“Ben 5’li çetelerin adamı değilim”

kunteper

Member
CHP Genel Lideri Kılıçdaroğlu, bugün İzmir’de Büyükşehir Belediyesi’nin İzDönüşüm Fabrikası açılışına katıldı. Açılış merasiminde konuşan Kemal Kılıçdaroğlu şunları söylemiş oldu:

“Büyük kentlerde yaşayanlar şunu görür. Bir çekçeği vardır çöplerden kağıt, plastik atık toplar. Sigortası yoktur, iş garantisi yoktur. O gün ne kadar kazanacağı aşikâr değildir. İstikrarlı bir geliri yoktur. Aile hayatı bile tehlikededir. ötürüsıyla bu insanlara daima sahip çıkmak istemişimdir, örgütlemek istemişimdir. Bunların da haklarının olması lazım. Bunlar çalışıyorlar, alın teri döküyorlar, kazanmaları lazım. Yarın yaşlanacak bu beşerler, bunların toplumsal güvenlikleri lazım. Hastalanacak kendisi, ailesi, çocukları doktora gidecekler. Sıhhat harcamalarının fazlaca kıymetli olduğunu da biliyorum. Bir biçimiyle bunların toplumda onurlu bir birey olarak yaşamaları gerekiyor ve bunun gayretinin verilmesi gerekiyor.

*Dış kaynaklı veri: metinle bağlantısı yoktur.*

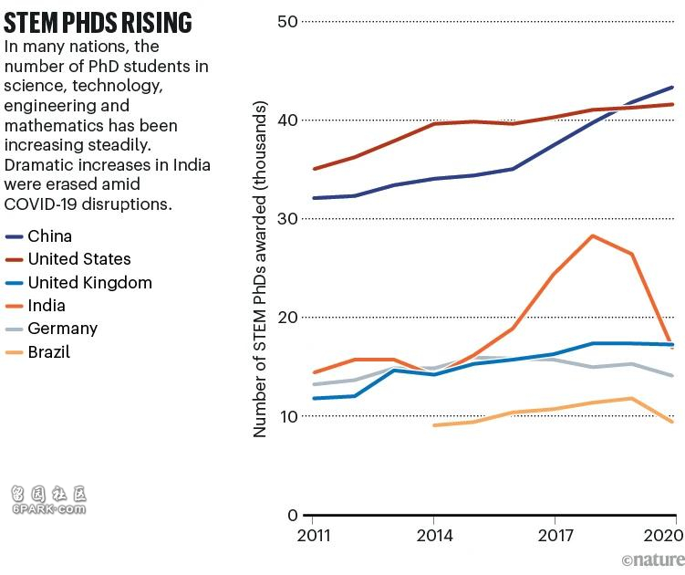 在许多国家,科学、技术、工程和数学(STEM)领域的博士人数一直在稳步增加。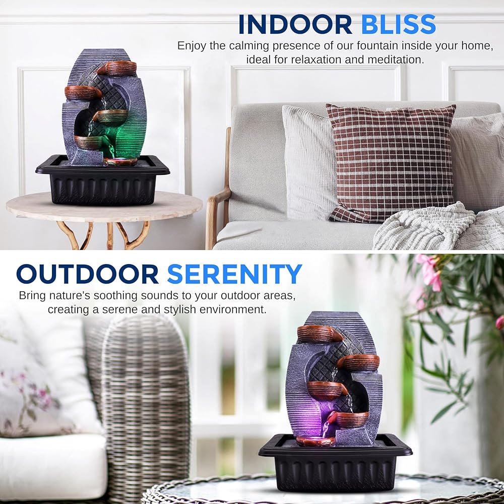 INDOOR & OUTDOOR SAFE: A versatile gardening and landscaping piece, this cool tiered desktop cascade LED fountain can be placed anywhere inside or outside your home. Perfect for your bedroom, garden or patio!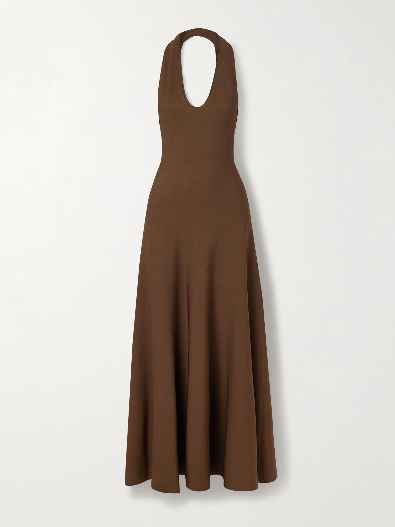 KHAITE's 'Melina' dress is proof that simple design often makes the biggest statement. It's made from 'Bark' stretch-knit to hug your figure and has a halter neck and flowy maxi skirt. Size & Fit - Fits true to size, take your normal size - Designed for a slim fit - Mid-weight knit - Model is 180cm/ 5'11" and is wearing a size Small Details & Care - Dark-brown stretch-knit - Slips on - 83% viscose, 17% polyester - Unlined - Designer color: Bark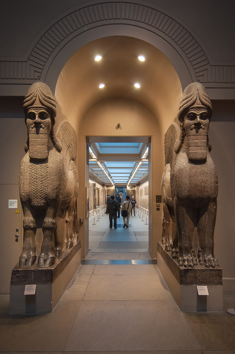 Dos estatuas asirias representando a sendos Lammasu, seres mitológicos que tenían cabeza de hombre, alas de águila y cuerpo de toro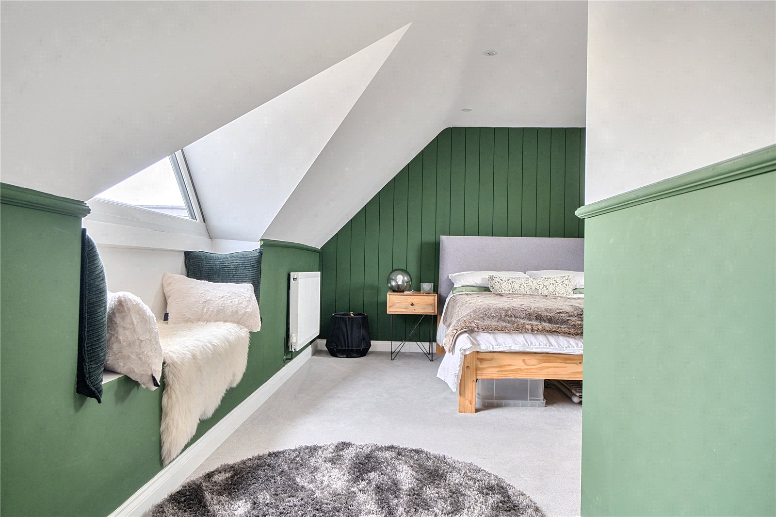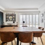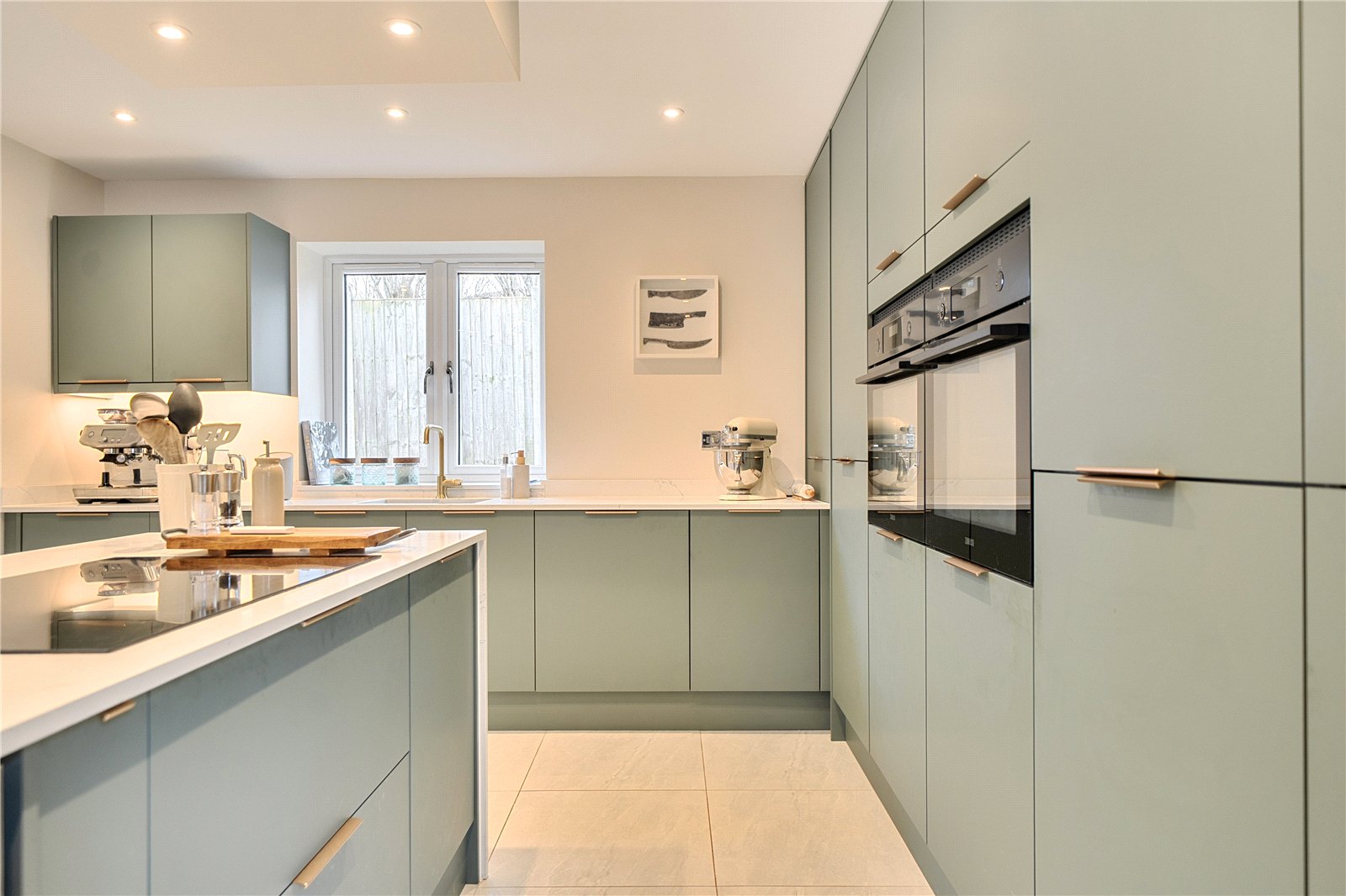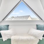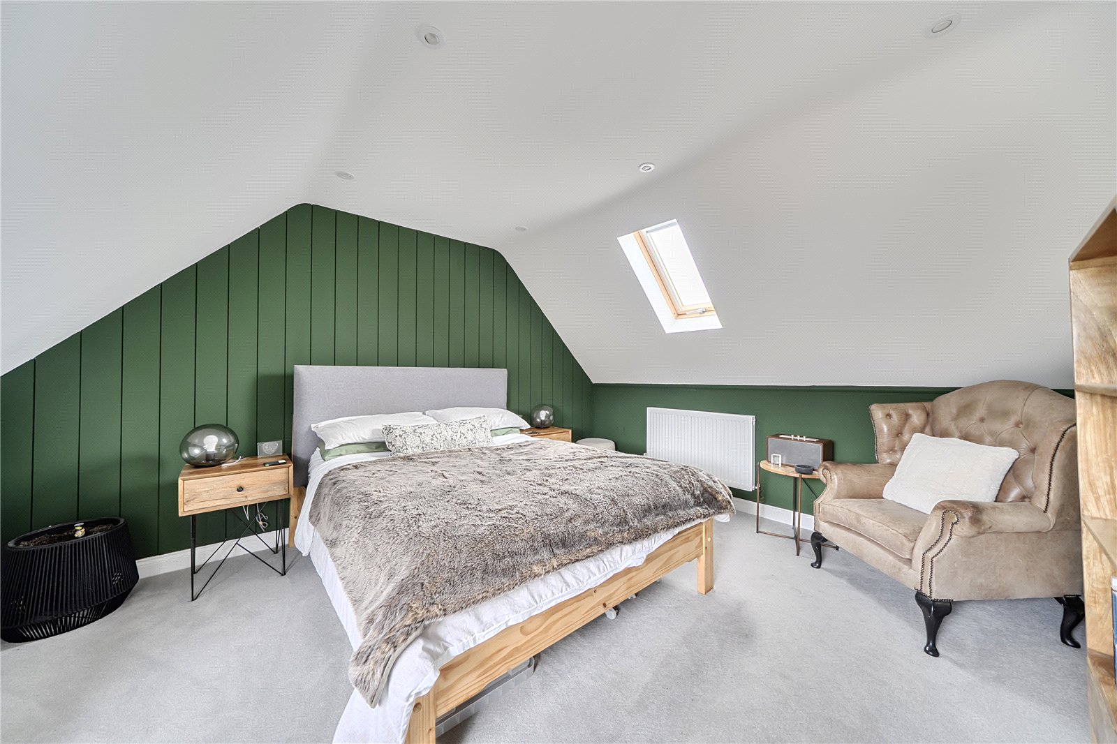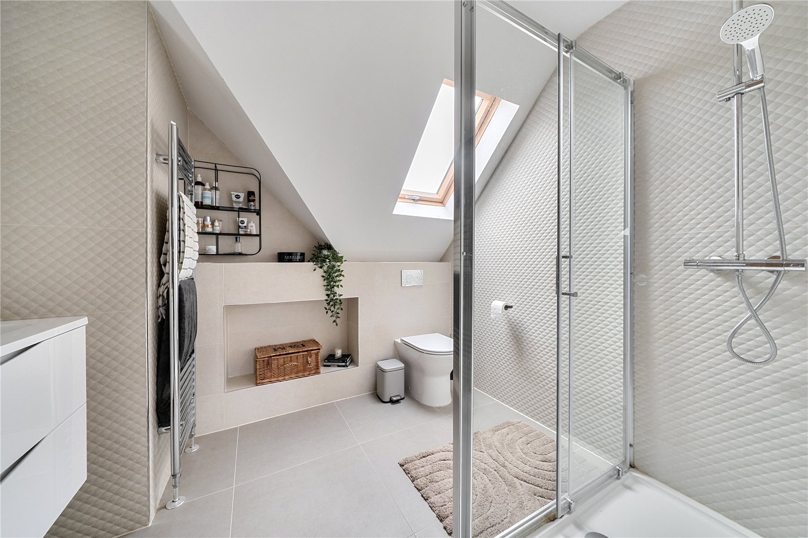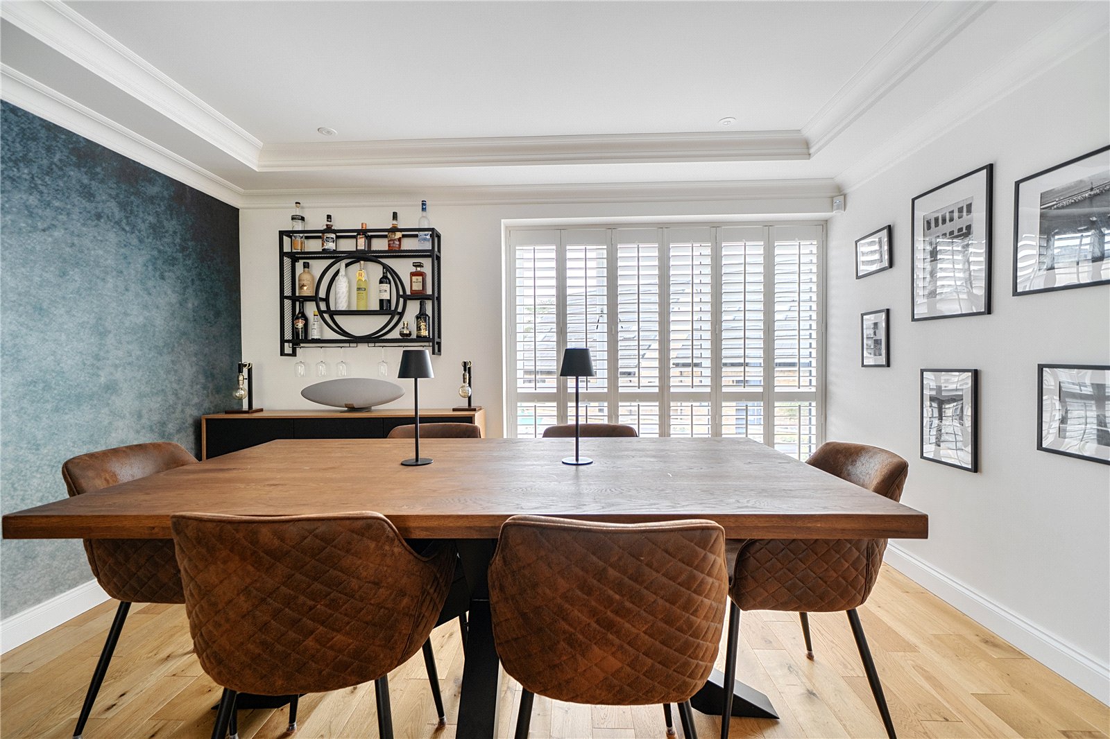 The ground floor comprises a sitting room, home office, kitchen/dining room, utility, and integrated garage. Upstairs, three bedrooms include a principal suite with walk-in wardrobe and en suite shower room, alongside a family bathroom. ‘The main bedroom has such a lovely high ceiling, and the double-height window on the stairs fills the space with beautiful morning light,’ the owners add. Since moving in, they have made enhancements to personalise the space, adding plantation shutters and custom touches to make it feel like home. ‘We’ve spent a fair bit of money to “de-new” the rooms and make the house feel more homely and individual. It’s been a really enjoyable project,’ they say.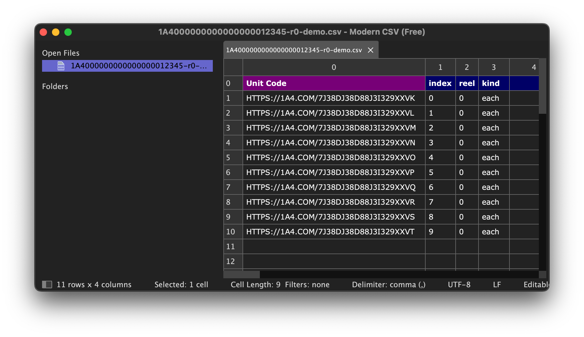 Example CSV with Unit Code column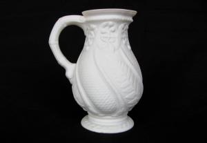 [Pear-shaped parian pitcher with segmented handle and interior glaze]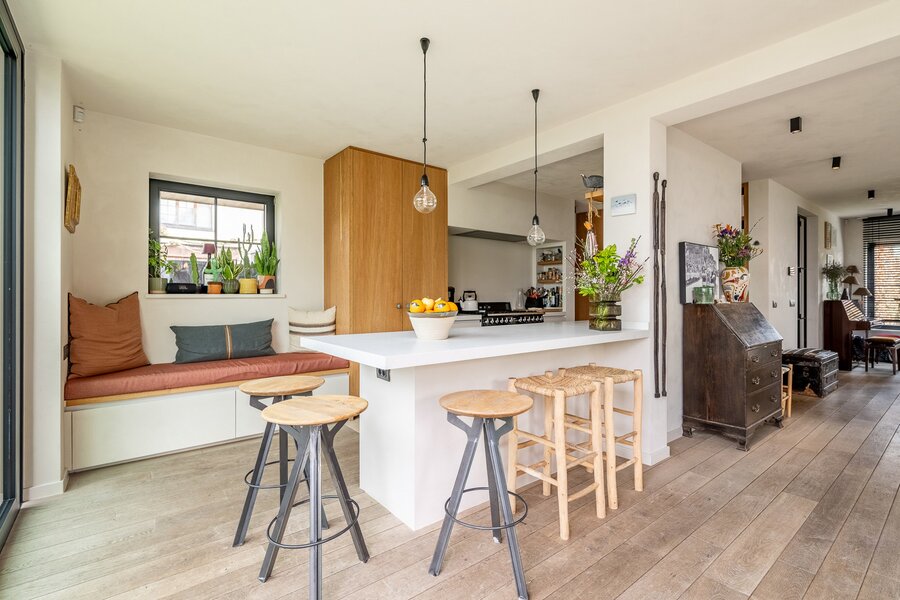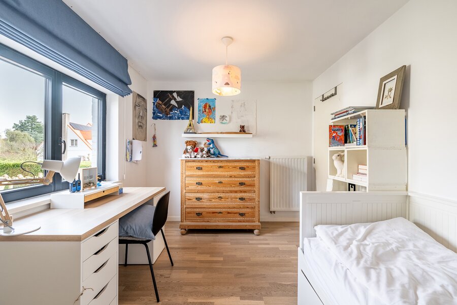 Le deuxième étage offre deux pièces supplémentaires, ce qui rend la maison particulièrement adaptée aux familles.

“ÇÖP DİYE DIŞARI ATTIĞIMIZ PEK ÇOK ŞEY ASLINDA BİR SERVET”

Burası eski bir tesis, lider burayı evvel satın aldı. Buraya büyük bir yatırım yaptı. Yatırım yaptıktan daha sonra evet buraya çöp, kağıt, karton, plastik getiren bir epeyce insanın bir garantisinin olması lazım. Belediye söylemiş olduğiniz o beldede yaşayan her bir yurttaşın hakkını ve hukukunu teslim eden kurum demektir. Belediyenin nazaranvi budur. Beldede yaşayan her insanın huzurlu olmasını ister. Beldede yaşayan her insanın parka giderken, denizin kenarında gezerken, meydanlarında, caddelerinde, sokaklarında gezerken pak bir kent görmek ister. Bizim çöp diye dışarı attığımız, kullanmadığımız bir hayli şeyin aslında bir servet olduğunu artık bütün dünyada biliyor, hepimiz biliyoruz. Bu serveti bir daha iktisada kazandırılırken insan ögesinin göz arkası edilmemesi lazım.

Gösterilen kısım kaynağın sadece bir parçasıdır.